Les Colloques de Maturin Cordier rassemblent, sous la forme éclatée de conversations mettant en scène la vie quotidienne d’élèves, le cœur de la pensée pédagogique humaniste de Cordier. L’ouvrage est structuré en quatre livres de tailles comparables (ils comportent chacun environ 40 à 60 pages imprimées dans la première édition) et de difficulté progressive. Les dialogues deviennent en moyenne plus longs au fil de l’ouvrage et thématiquement plus complexes. L’édition de 1564 comporte un total de 202 dialogues. L’édition posthume publiée six ans plus tard, en 1570, à Genève chez Jean Durant ajoute 27 nouveaux colloques, présentés comme ayant été écrits de la main de Cordier. Rien dans leur contenu ne permet de douter de l’authenticité de ces nouveaux dialogues. Dans tous les cas, ils ont été repris et intégrés tacitement au fil du texte en fonction de leur difficulté dans les éditions suivantes et portent le nombre total de colloques à 229.

Les dialogues de Cordier présentent des modèles de conversations courantes en latin «pur» pour toutes les circonstances de la vie scolaire. Ils donnent à voir des écoles où le latin est obligatoire en tout temps, même lors des récréations. En plus du latin pur, Cordier vise à enseigner aux jeunes élèves les règles de base de la vie en société et à développer certains tours de pensée et de langage, notamment en lien avec la piété et la solidarité.

Les Colloques contiennent de nombreuses références à des auteurs païens antiques, même si leur variété est beaucoup plus restreinte que dans les Colloques d’Érasme.
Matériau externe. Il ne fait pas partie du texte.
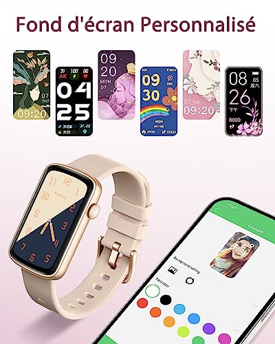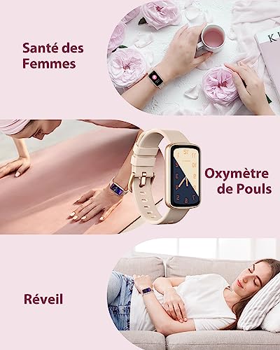 Bracelet Connecté Femme Montre Connectée avec Podometre Cardiofrequencemetre SpO2 Suivi de Cycle Suivi Sommeil Fond d écran Personnalisé 24 Modes Sportifs Notification Waterproof Rose

Ce texte érasmien contient en effet 40 auteurs différents (dont la moitié de langue grecque) tandis que Cordier ne cite que des auteurs païens latins. Chez Cordier, à l’exception de Quintilien qui est présent à travers ses maximes pédagogiques, tous les auteurs cités figurent aux programmes de la schola privata des Académies de Lausanne et de Genève que Cordier avait contribué à rédiger. Les auteurs de l’Antiquité païenne présents dans les Colloques de Cordier sont, dans l’ordre décroissant suivi du nombre de pages où ils apparaissent: (Pseudo-)Caton (22); Cicéron (10); Virgile (5); Quintilien (5); Térence (4); Horace (4); Ovide (2).

 

L’extrait choisi comprend l’entier du vingt-septième colloque du deuxième livre. Il s’agit d’un dialogue entre deux élèves, l’un avancé et l’autre plus jeune, qui montre ce que les élèves vivant en internat doivent faire au moment du réveil et qui thématise la conformité de certaines idées d’auteurs païens avec le christianisme. Il s’agit d’un dialogue très positif sur les philosophes païens antiques, qui affirme, dans une position similaire à celle d’Érasme, qu’eux aussi ont été éclairés par le Saint-Esprit. D’autres dialogues de Cordier soulignent toutefois que la morale chrétienne est plus exigeante que la morale païenne et certains de ses colloques mettent en garde les enfants contre des expressions d’origine païenne telles que si sors tulisset («si le hasard l’avait permis»), qui apparaît dans le dialogue II, 28. Tout comme Érasme, Cordier considère que la solution pour protéger les chrétiens n’est pas de censurer ou d’expurger les textes antiques de tout ce qui pourrait être contraire à la doctrine chrétienne, mais de former les enfants à l’esprit critique pour qu’ils puissent progressivement faire face par eux-mêmes aux idées opposées au christianisme lorsqu’ils les rencontreront.

 

Bibliographie

Crousaz, K., L’Académie de Lausanne entre humanisme et Réforme, ca. 1537-1560, Leyde/Boston, Brill, 2012.

Crousaz, K., «Les auteurs païens dans les Colloques d’Érasme et de Maturin Cordier», dans Crossing Traditions: Essays on the Reformation and Intellectual History. In Honour of Irena Backus, éd. Maria Cristina Pitassi et Daniela Camillocci Solfaroli, Leyde/Boston, Brill, 2018, p. 313-330.

Crousaz, K., «Un manuel d’empowerment du XVIe siècle: Les Colloques de Maturin Cordier et le développement de l’agentivité enfantine», Histoire de l’éducation 161 (2024), p. 21-46.

Engammare, M., «Cordier, Mathurin», Dictionnaire historique de la Suisse, version online du 11.08.2005, https://hls-dhs-dss.ch/fr/articles/011087/2005-08-11/.

Hudson, E. K. «The Colloquies of Maturin Cordier: Images of Calvinist School Life and Thought», Sixteenth Century Journal 9-3 (1978), p. 56-78.

Le Coultre, J., Maturin Cordier et les origines de la pédagogie protestante dans les pays de langue française: 1530-1564, Neuchâtel, Secrétariat de l’Université, 1926.